My association with Photobook Store and Martin Amis go back the best part of a decade now.


I was a customer long before I began contributing to the now defunct magazine.

In those early days he used to invite contributions, and it seemed the perfect way for me to start sharing my passion and telling the world about the artists and books that I was in love with, but which - at the time - few others seemed aware of.


So, with his good grace, that’s what I did - whether the world cared or not (nothing much has changed).


I have met him briefly only once (at an early London Offprint), we have never even spoken on the phone.

I sent him my pieces, he tolerated my dodgy always hurried grammar (always too much else to do) and to his credit, he posted most of them.


I’m not a photographer (in any professional sense), or a publisher (although I have been encouraged to consider it).

I am, however a collector and in this respect, I do seem to have garnered some credibility.


So with this in mind and with no obligation or bias, I feel more than happy to say that Amis’ portraits of the desolate, broken and abandoned businesses that line the high streets of provincial towns in the corner of South East England, close to his home, form one of the most socially relevant photo books to have been released in recent years.



Released by his own publishing imprint, Photo Editions and with another stunning design by Tom Booth Woodger, Closed has as almost utilitarian feel to it, featuring simple heavy boards and spiral binding which gives it the feeling of an archival real estate document.

The layout is pared back and elegantly minimal. Each crisp monochrome image receives its own page and thanks to the layout and design can be viewed in its unrestricted entirety.
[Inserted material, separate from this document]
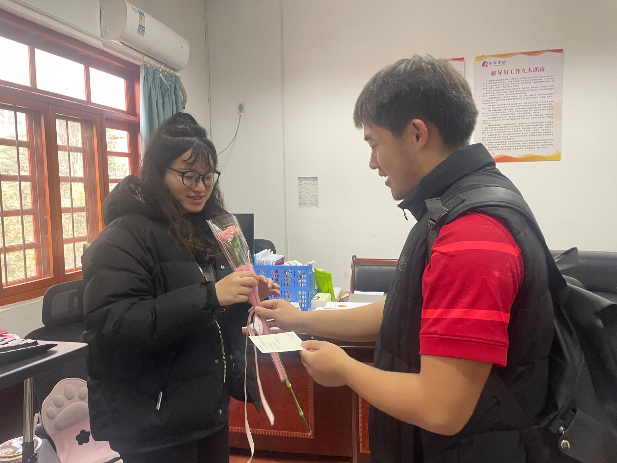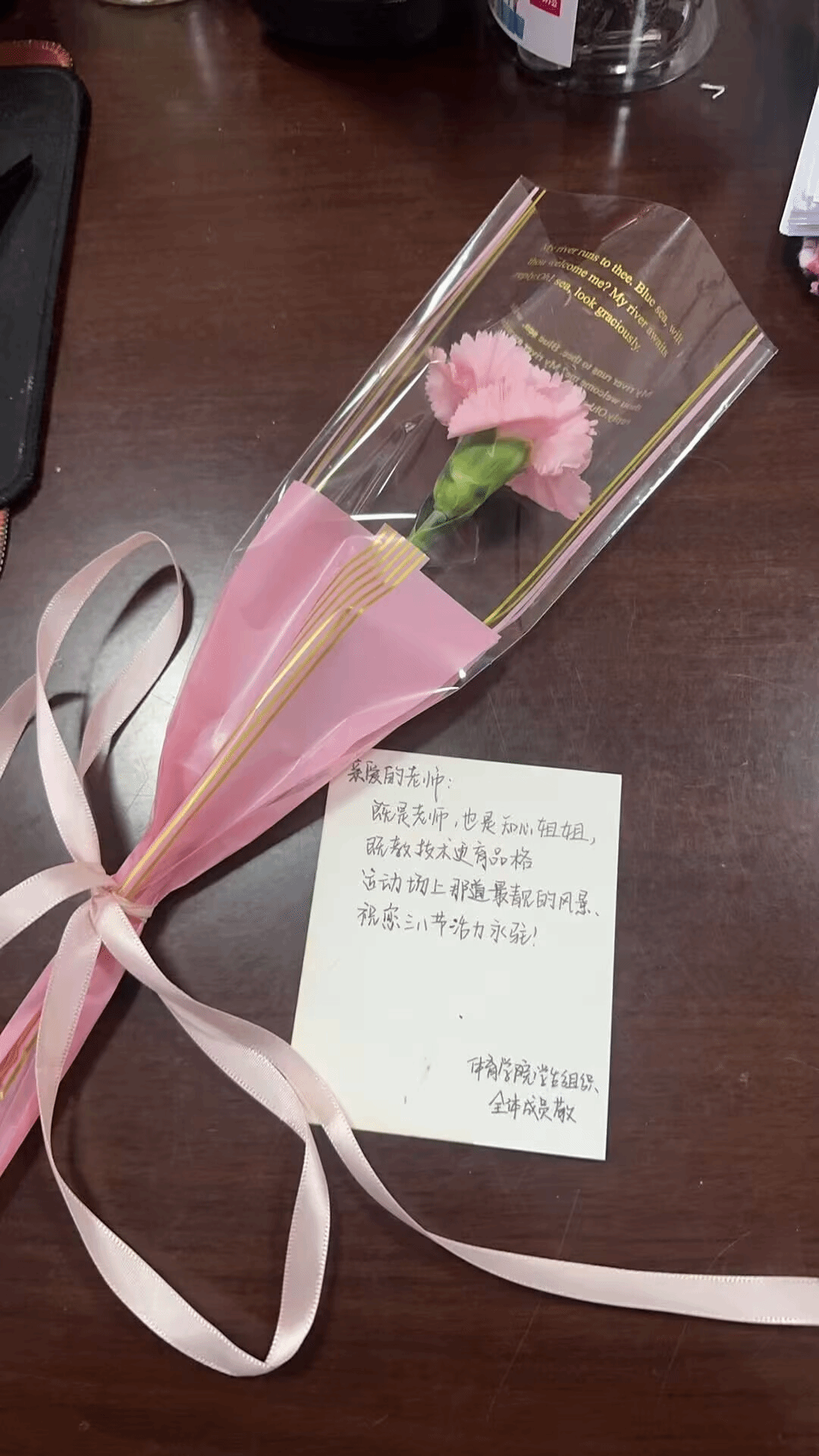 节日前夕,院学生会的同学们便悄悄开始了准备工作。他们精心挑选了娇艳的康乃馨——这种寓意着爱与尊敬的花朵,最能代表体院学子对老师们的感恩之心。而更显用心的,是那一张张由同学们亲手书写的祝福贺卡。课余时间,同学们围坐在一起,一笔一划地写下对老师的心里话:“三尺讲台育桃李,谆谆教诲润心田。老师,您辛苦了!”“既是老师,也是知心姐姐.......祝您节日快乐!”字里行间,流淌着体育人特有的质朴与真挚。

This cancerous dissolution of our high streets and local shops, which undoubtedly started way back in the seventies and eighties with the appearance of out of town American style malls, which gathered all our favourite brands and eateries under one gloriously anonymous air conditioned umbrella of building, was then accelerated with the rise of the simplicity and ease of online shopping, and ultimately compounded by the effects of Brexit and eighteen months of Covid lockdowns.



As someone who works in central London, there is an ominous portent between the covers of Closed.


Whilst it is true that many of the hoardings and empty spaces are slowly returning to life within the capital, the shift in the way we now work means that there are palpable changes visible.


However, for better or worse, we are social beings and whilst it may suit many to work from home (after all the benefits are many) all will seem fine until, for example the jobs begin to disappear to people who can sit at home in more “cost effective” parts of the world, and public transport becomes unaffordable (and with reduced services) because only a fraction of people are using them, or restaurants and bars are forced to raise their prices to survive because all the lunchtime and midweek trade has evaporated.



Of course we will adapt, we have no choice. Many say that the pandemic merely hit a fast forward button and we have arrived at a destination that was preordained.


One thing is for sure is that as we gaze at Amis’ beautifully captured photographs of our economy’s fallen soldiers, much of what we are looking at is the result of the consumer’s choice and the inevitable march of “progress”.



I guess we should be careful what we wish for.



Closed by Martin Amis is published by Photo Editions in an edition of 600 copies.

There is also a special edition of 50 signed slipcased copies with an original print.